It first started with one of the biggest trades of the year with Wade returning back to Miami to finish the rest of the season with the Heat. “I was happy,” Wade told us on Thursday night about the trade.

He added, “The journey of the NBA took me to Chicago, it took me to Cleveland, but it also brought me back to Miami; a place from a basketball sense birthed me.”

Days following the big NBA announcement, the lovebirds then celebrated the release of Dwyane’s documentary, Shot in the Dark, which the NBA champion produced alongside Chance the Rapper.

The film follows the Orr Academy High School basketball team on Chicago’s Westside. Throughout the documentary, cameras capture the journey of individual athletes trying to make it to the NBA despite growing up in the violent streets of Chicago.

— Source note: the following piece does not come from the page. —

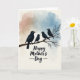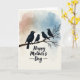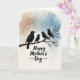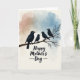 Designed with a tender family scene, the card shows four sleek bird silhouettes perched on a sturdy bare branch, the larger one angled toward three smaller companions as if keeping them close ❤️. The birds are deep matte black with small white eyes, and one of the little ones sits nearest the larger bird, adding a gentle, affectionate closeness. Behind them, soft watercolor-like washes blend warm terracotta into muted sky-blue, creating a calm dawn-or-dusk setting. The layered color bands ripple lightly across the background, giving the scene depth without distracting from the quiet interaction on the branch. Beneath the illustration, a short Mother’s Day message sits centered near the bottom in dark lettering that stands out clearly against the pastel field 🌼. The branch has a lightly textured look with subtle feather-like hints along the birds’ edges, keeping the artwork simple and intimate. The text area leaves generous space around the words, and the lower-middle composition keeps the birds as the main focus above the centered message. The overall palette stays soft with terracotta on one side fading into blue on the other, while the black branch cuts across the lower portion of the front.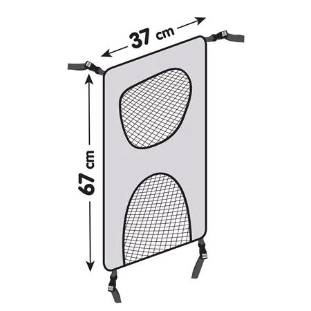 • Installation at the back of front seats, and secured to headrests and seat base through buckles.

During the screening, Wade also opened up to HipHollywood about why the project was near and dear to his heart. “It’s home,” the Chicago native said. “I jumped on board right away because it’s a story being told that I never got a chance to tell as a kid. To be able to shed some positive light on a tough, dark situation for us was big.”

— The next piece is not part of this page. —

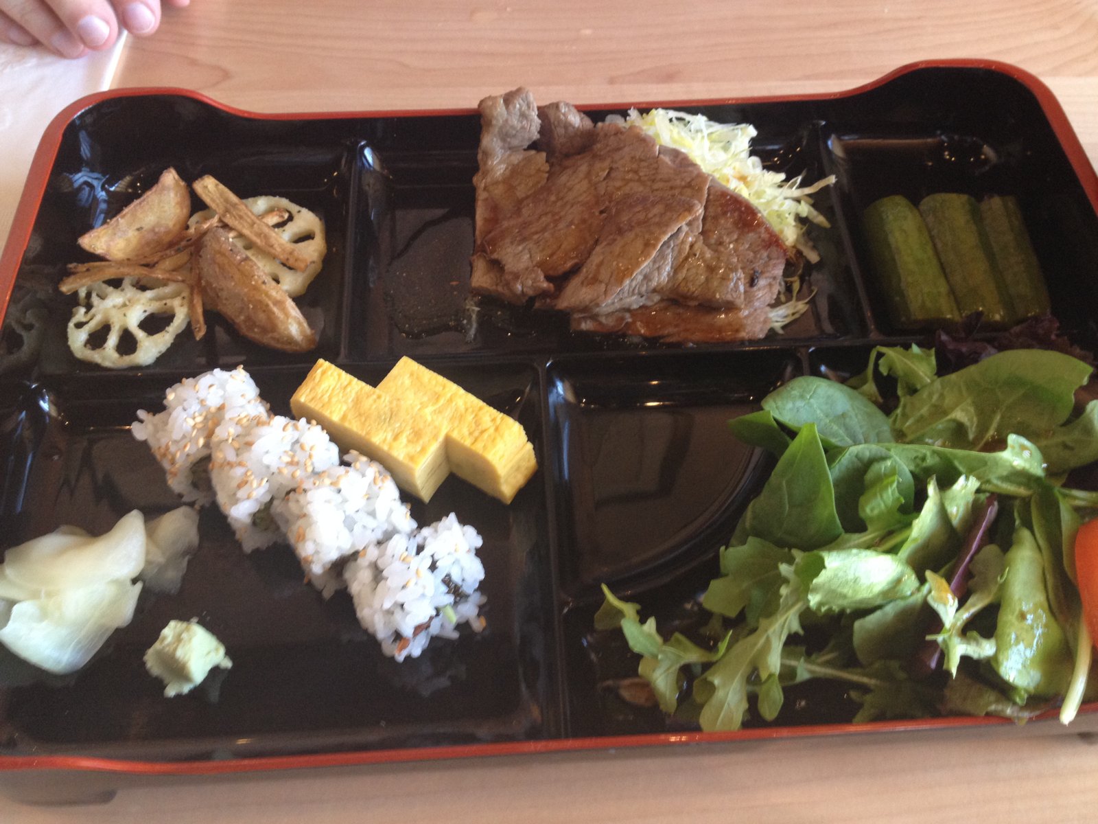 The Mister decided to try a Combination Bento ($15), with teriyaki beef and spicy tuna roll. Again, perfection (note the lack of sticky teriyaki sauce). The sides of pickles, radish, fried (karaage) lotus root and potato, salad and even tamago (egg) were so fresh tasting, complimenting the flavors.

Union added, “I’m so proud. Coming up on Hoop Dreams … It explores so many other topics that are critical to kids in Chicago.”

As for whether or not D-Wade picked up some advice from his TV star boo, not quite. When asked what tips Union gave Wade ahead of the project, the actress told us, “None. You have to learn. Humility and school of hard knocks. Things are not going to go your way and you have to learn through experience just like the rest of us.”

Check out the documentary on February 24 on Fox Sports.